Glucose, glycerol, PCA, catechol, and CCM from fed-batch fermentation broth samples were analyzed and quantified using HPLC-UV and RID. For analysis of CCM, culture broth was combined with an equal volume of 10 N NaOH and incubated for 10 min with shaking. Cell debris was centrifuged at maximum speed for 10 min and supernatant was diluted in 40 mM PBS, pH 7.4. Alternatively, CCM was analyzed by diluting culture supernatant 50-fold directly in water or 40 mM PBS, pH 7.4. For analysis of glucose, glycerol, PCA, and catechol, culture broth was diluted in 40 mM PBS, pH 7.4 and centrifuged at maximum speed for 10 minutes.
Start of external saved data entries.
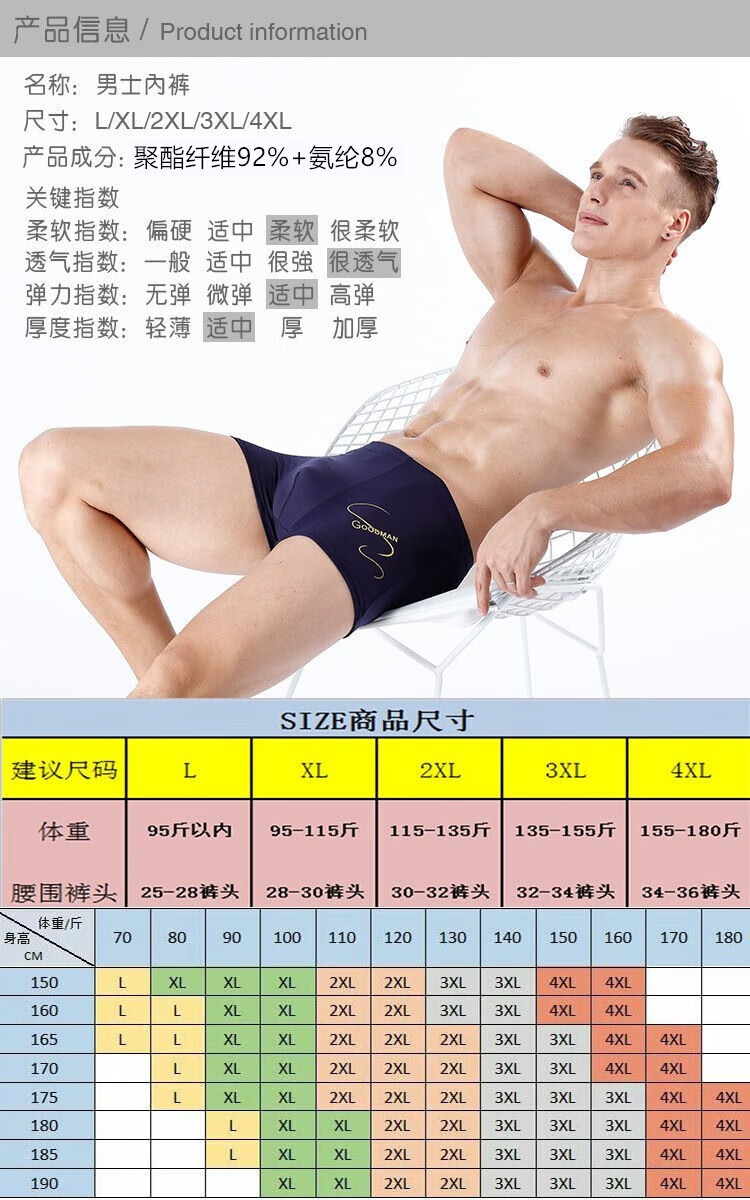 【】男士内裤亲肤本命年内裤有弹性内裤平角青年【已验货】 【 好男人】 4条 4XL 150-170斤
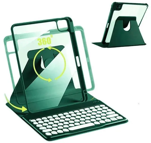 Rotation Case with Keyboard for iPad Air 11 Inch 2025 (M3) /2024 (M2) /iPad Pro 11 4th Gen 2022, iPad Pro 3rd Gen 2021, iPad Pro 11 2nd Gen 2020, iPad Pro 11 1nd Gen 2018, iPad Air 5th Generation 2022 ( 10.9 Inch), iPad Air 4th Generation 2020, Round Keys Keyboard Case Tablet 360 Degree Smart Protective Stand Keyboard case With Pencil HolderHow to
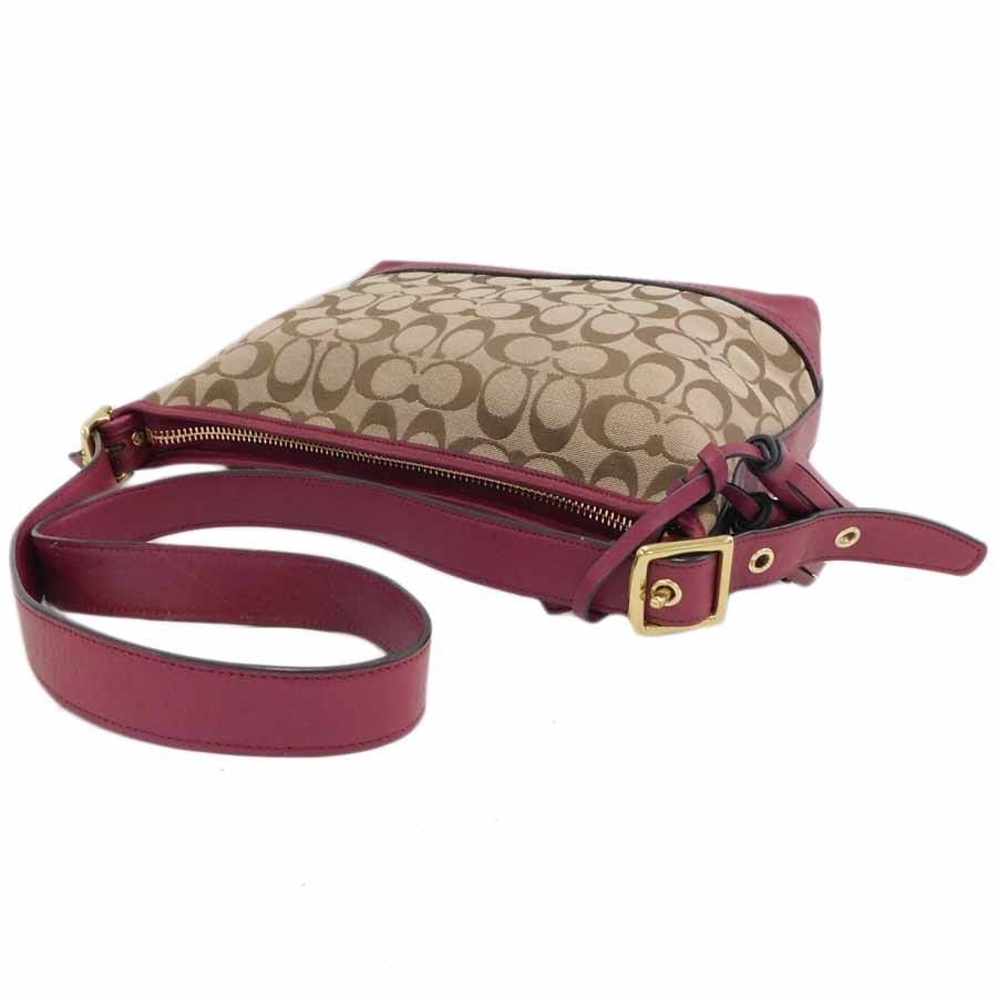 1円■ 美品/コーチ/ショルダーバッグ/F25664/ブラウン×ボルドー系/キャンバス×レザー/シグネチャー/COACH ■E.Bmr.zE-17[中古]
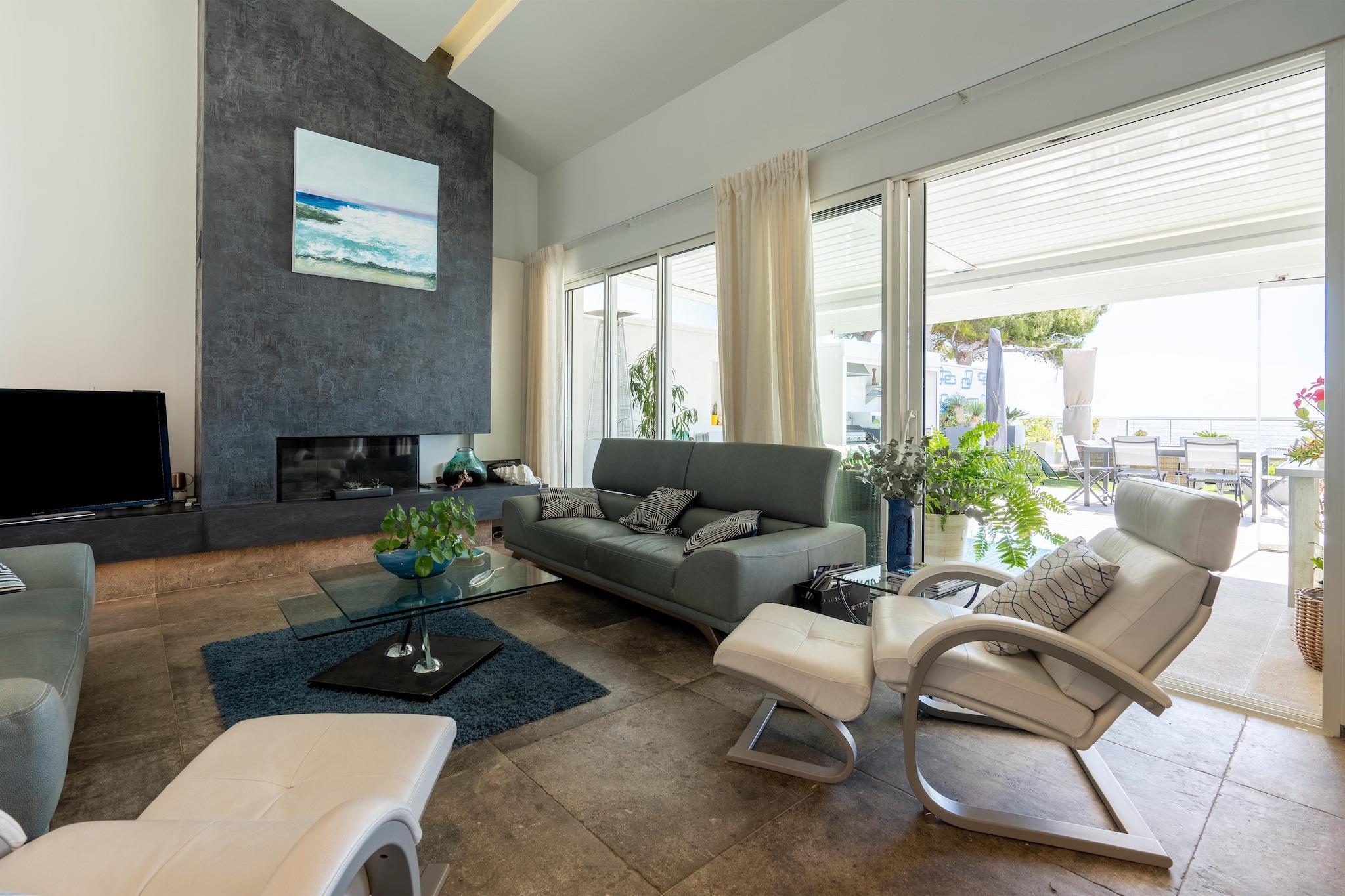 Parterre: (offene Küche(Bar(Esstheke), Kochherd(Ceranfeld), Dunstabzugshaube, Kaffeemaschine, Backofen, Mikrowelle, Spülmaschine, Kühlschrank), Vorratsraum(Kochherd(Gas), Kühl-/Gefrierkombination, Trockner, Waschmaschine), Wohn/Esszimmer(TV, Esstisch, Kaminofen, Sitzecke), Toilette, Saal, Veranda(Sitzecke)) Zwischengeschoss: (Bibliothek, Doppelschlafcouch) In der 1. Etage: (Schlafzimmer(Doppelbett(160 x 200 cm)), Schlafzimmer mit Badezimmer(Doppelbett(180 x 200 cm)), Badezimmer(Badewanne, Dusche, Waschbecken), Toilette(Waschbecken)) Gästeunterkunft Parterre: (Küche(Backofen, Mikrowelle, Spülmaschine, Kühl-/Gefrierkombination, elektrische Kochplatten), Wohn-/Schlafzimmer(Doppelschlafcouch, TV), Schlafzimmer(Doppelbett(160 x 200 cm)), Badezimmer(Dusche, Waschbecken), Toilette) Außenküche, Mikrowelle, Klimaanlage, Terrasse, Garten(umzäunt), Liegen, Parkplatz, Pool(alleinige Nutzung, 6 x 3 m.), Plancha
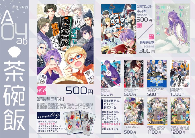 8/28 閃華の刻37 A-04ab【茶碗飯】のおしながきです 夏コミとほぼ同じですが長髪歌仙本再版したので持っていきます~ 新しいものは軽装若旦那本(https://t.co/sHFl3NiILR)と兼定と文久土佐組のアイスアクキー(https://t.co/1PsbJsHob0)です 4枚目は当日ポスターです よろしくおねがいします
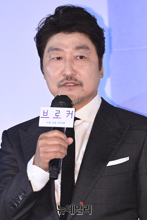 배우 송강호가 10일 오전 서울 용산구 CGV용산아이파크몰에서 열린 영화 '브로커(감독 고레에다 히로카즈)' 제작보고회에서 발언을 하고 있다.

Five μL of extracted broth was separated on an Agilent 1200 HPLC system equipped with an Aminex Fast Acid Analysis column. Metabolites were separated isocratically using 10 mM H2SO4 at a flow rate of 0.8 mL min−1. PCA and catechol were detected at 210 nm. CCM was detected at 260 nm. Traces were collected and analyzed using ChemStation version B.02.00 (Agilent Technologies).

Statistical analyses

All numerical values are depicted as means ± s.d. Statistical differences between control and engineered strains were assessed via two-tailed Student’s t-tests assuming equal variances. In all cases, P-values < 0.05 were considered significant. Statistical significance of dicarboxylic acid chain length was assessed via OLS linear regression with hourly growth rates as the response variable. Statistical analyses were performed using Excel 2306 Build 16.0.16529.20164 (Microsoft) or Prism version 9.5.1 (GraphPad).

Reporting summary

Further information on research design is available in the Nature Portfolio Reporting Summary linked to this article.